Une sensibilisation, un dialogue avec les familles, un renforcement de l’éducation sont des éléments cruciaux pour réduire le travail des enfants.

L’éducation est un investissement pour l’avenir d’un pays. L’OCDE confirme qu’un euro investi dans l’enseignement en rapporte deux aux gouvernements grâce à la création de richesse et aux taxes qu’ils prélèveront. Ils peuvent donc faire un calcul économique à long terme pour se raisonner.

L’Occident a-t-il une part de responsabilité dans le travail des enfants dans le monde ? Consommons-nous encore des produits qui ont nécessité le travail d’un enfant durant son processus de fabrication ?
 

Olivier Soret : Bien entendu. Prenons l’exemple de nos T-shirts. Beaucoup d’enfants, notamment en Asie, fabriquent les vêtements que nous achetons et y appliquent les teintures, qui contiennent parfois des éléments chimiques toxiques. En tant que consommateurs, nous pouvons faire un choix et exiger des garanties dans nos achats.

Sur place, il est parfois difficile de réaliser des contrôles, de sous-traitants en sous-traitants, ou encore lorsque le travail est réalisé à domicile… C’est ainsi que l’on se retrouve avec des ballons de football fabriqués par des enfants au Pakistan.

Qu’attendez-vous de la Conférence mondiale sur le travail des enfants de Brasilia ?

Olivier Soret : De la lucidité et de la réactivité. Nous espérons aussi que les différents acteurs présents pourront établir un compte rendu des avancements qui ont été réalisés depuis la dernière conférence à La Haye en 2010 et identifier clairement les efforts qu’il reste à faire. Ce sera l’occasion de réfléchir sur les moyens à mettre en place en vue d’accélérer ce processus.

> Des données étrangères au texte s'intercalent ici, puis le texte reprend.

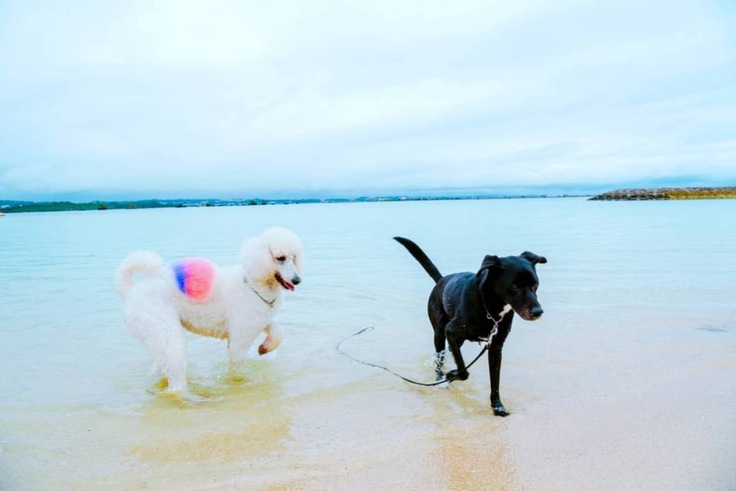 保護犬たちも一緒に撮影。とてもキレイな海🏖があり犬たちも一緒に泳ぐ事もできます。

A ce titre, nous souhaitons que la diminution de la pauvreté soit à l’ordre du jour, comme impératif à toute avancée au regard du travail des enfants. Lorsque l’on veut, comme notre association, répondre de manière efficace à une violation des droits de l’enfant, il faut s’attaquer aux causes qui engendrent les conséquences et agir globalement.